The company won’t say how many celebrities have been afforded this privilege, or how it came up with the list, but it has said in the past that a total of about 15,000 domains have been registry-reserved.

That also includes the names of the world’s capital cities, culturally sensitive strings put forward by a handful of governments, and the “premium” names that ICM plans to auction.

I’m wondering what the cut-off point is for celebrities. How famous do you have to be to get your .xxx blocked by default by the registry? B-List minimum? D-List? What database is ICM using?

American Pie actor Tara Reid just entered Celebrity Big Brother here in the UK, which pretty much means her career is over, and she’s managed to make it to ICM’s reserved list.

While ICM has always said it would help protect personal names from abuse, it’s never been entirely clear about how it would go about it.

Its registry agreement with ICANN has for some time said that “unauthorized registration of personal names” would be forbidden, but there were no real details to speak of.
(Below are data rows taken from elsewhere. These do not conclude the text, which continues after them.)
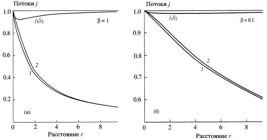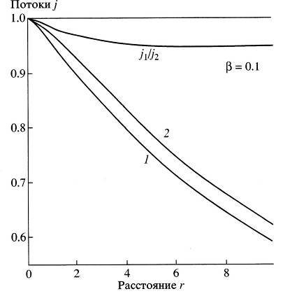 = 0.1. Потоки вблизи поверхности частицы нормированы на 1, расстояния измерены в длинах свободного пробега. Кривая 1: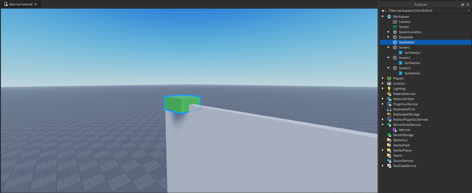 Continuing the example from the previous page, let's add a top marker part to our screens. Create a new part and place it on top of the highest screen, then move it so its center is touching the top of that screen. Name this part TopMarker. Make sure to also anchor it. In the future you should make it transparent and non-collidable, but that's not the point of this tutorial.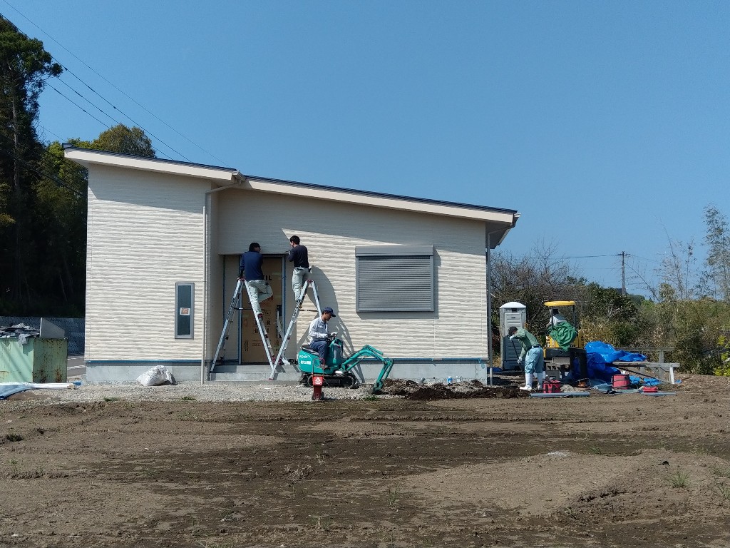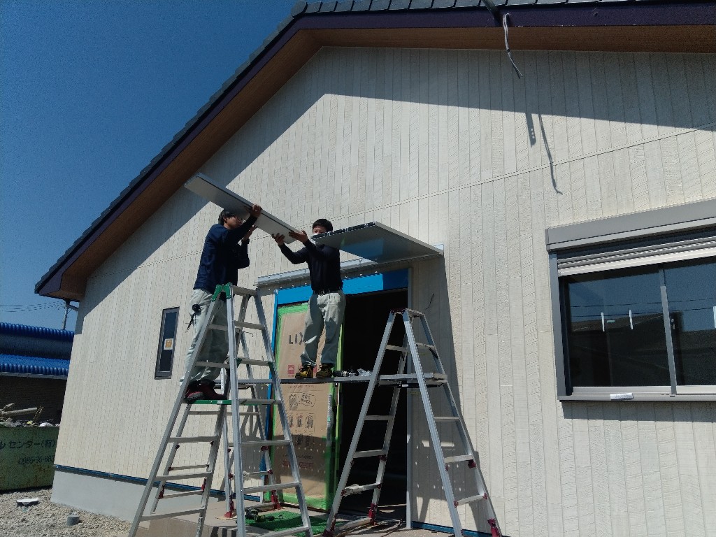 早速、玄関庇の取り付けと外部の給排水工事が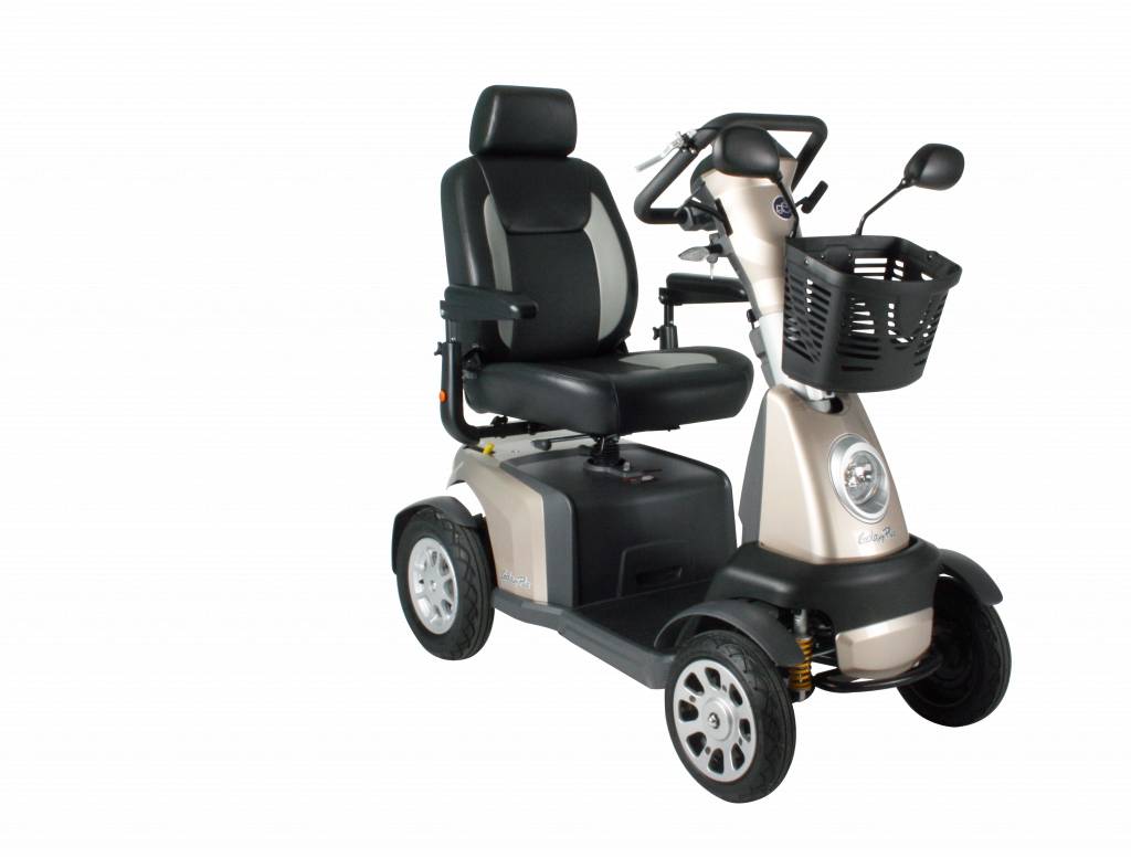 De vierwieler scootmobiel Excel Galaxy Plus 4 in de kleur Champagne 20KM per uur.

As I reported last week, its souped-up cybersquatting policy, Rapid Evaluation Service, has a special provision for personal names.
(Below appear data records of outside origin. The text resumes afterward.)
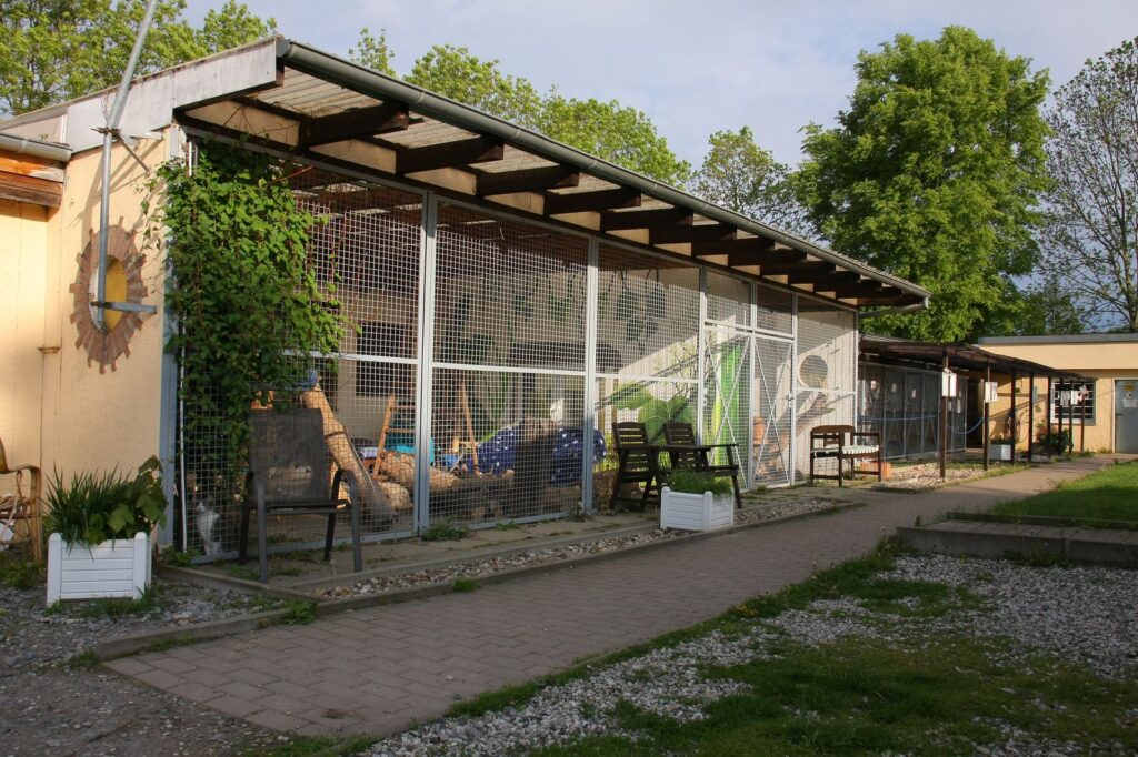 Unsere Katzen werden in zwei Gebäuden betreut. Die einzelnen Räume sind nett und artgerecht eingerichtet, um den Spieltrieb der Katzen zu fördern.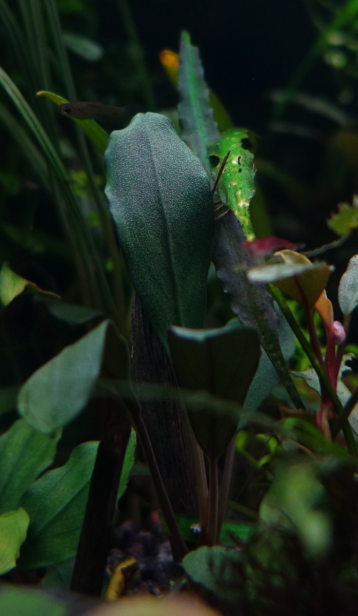 это точно. Еще общипала, листья с какими-то водорослями были, а по-поводу новых думает. Зато один лист изменил окрас, стал более темным с красивым отливом.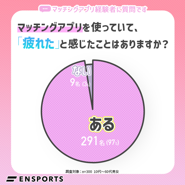 「マッチングアプリを使っていて疲れたことはありますか?」という質問に対し「ある」と回答した方は全体の97%にも上りました。マッチングアプリアプリ疲れの原因と対策とは? (https://www.ensports.com/magazine/matching-app-tired)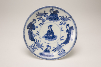 Witte schotel op standring met op het plat in blauw vijf personen en vier bloemen.

But presumptively blocking a subset of the world’s famous people from .xxx is bound to raise questions in the wider context of the ICANN new gTLD program, however.

As far as I can tell, no corporate trademarks have been given the same rights in .xxx as, say, David Cameron or Barack Obama.

If ICM can protect Piers Morgan’s “brand”, why can it not also protect CNN? Or Microsoft or Coke or Google? None of these brands are registry-reserved, according to Whois.

The trademark lobby will raise this question, no doubt. ICM has its own celebrity Globally Protected Marks List for .xxx, which only applies to individuals, they could argue.

There are some differences, of course.

Celebrities sometimes find they have a harder time winning cybersquatting complaints using UDRP if they have not registered their names as trademarks, which can be quite hard to come by, for example.

(UPDATE: And, of course, they may not qualify for ICM’s sunrise period if they don’t have trademarks, as EnCirca’s Tom Barrett points out in the comments below).

In addition, celebrity skin is a popular search topic on the web, which may give cybersquatters a greater impetus to register their names as domains, despite the high price of .xxx.

Also, if a registry were to reserve the brand names of, say, the Fortune 1000, it would wind up blocking many dictionary or otherwise multi-purpose strings, which is obviously not usually the case with personal names.